更新:如果你的意思是“StartsWith”,那么你可以对列表进行排序并将其放入数组中;然后使用Array.BinarySearch查找每个项目 - 通过查找检查它是完全匹配还是部分匹配。
#2
There were a number of suggestions from an earlier similar question "Best way to test for existing string against a large list of comparables".
从早先的类似问题“针对大量可比对象测试现有字符串的最佳方法”中提出了许多建议。
Regex might be sufficient for your requirement. The expression would be a concatenation of all the candidate substrings, with an OR "|
" operator between them.
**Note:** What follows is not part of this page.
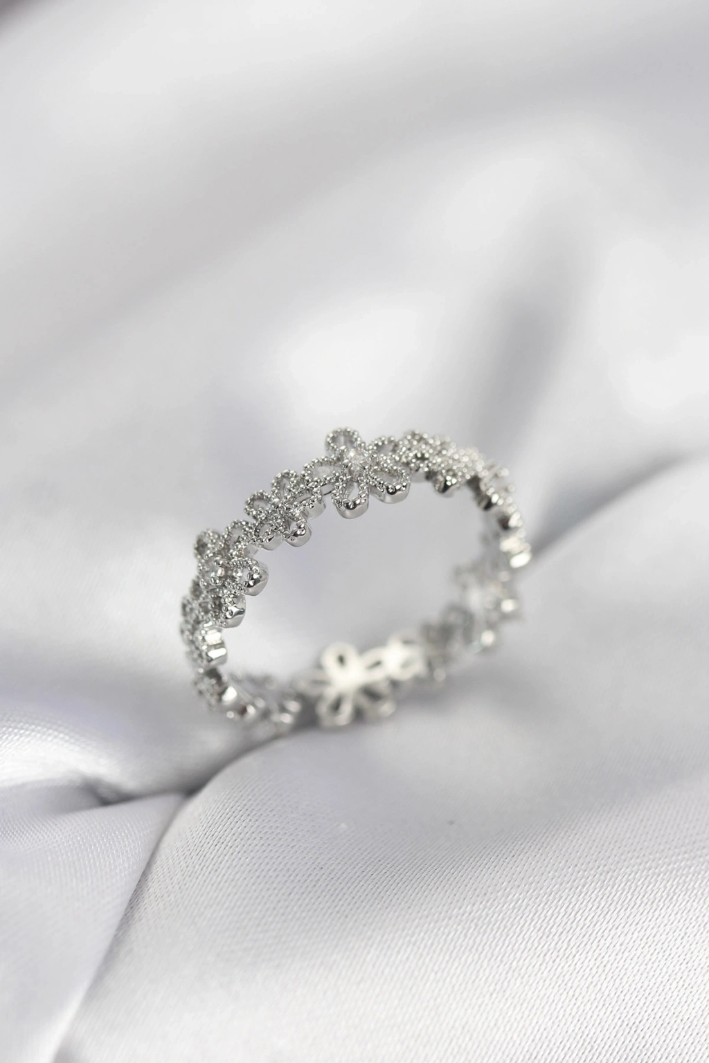 ® Gümüş Renk Sıralı Çiçek Model Zirkon Taşlı Kadın Yüzük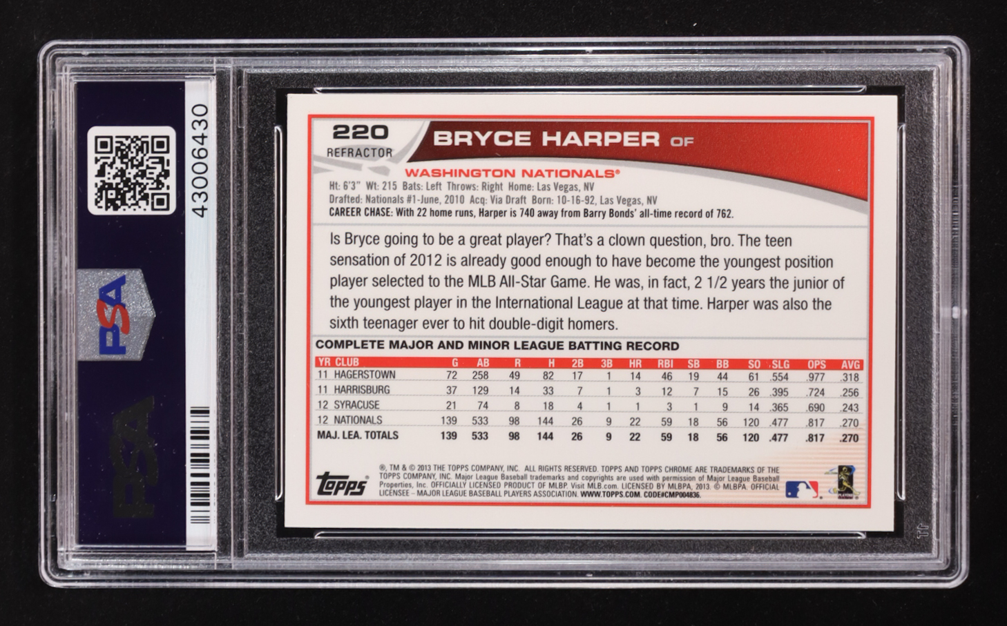Bryce Harper 2013 Topps Chrome Purple Refractors #220 (PSA 10)

Of course, you'll have to watch out for unescaped characters when building the expression, or a failure to compile it because of complexity or size limitations.
正则表达式可能足以满足您的要求。表达式将是所有候选子串的串联,带有OR“|”他们之间的运营商当然,在构建表达式时,您必须注意未转义的字符,或者由于复杂性或大小限制而无法编译它。
Another way to do this would be to construct a trie data structure to represent all the candidate substrings (this may somewhat duplicate what the regex matcher is doing). As you step through each character in the test string, you would create a new pointer to the root of the trie, and advance existing pointers to the appropriate child (if any). You get a match when any pointer reaches a leaf.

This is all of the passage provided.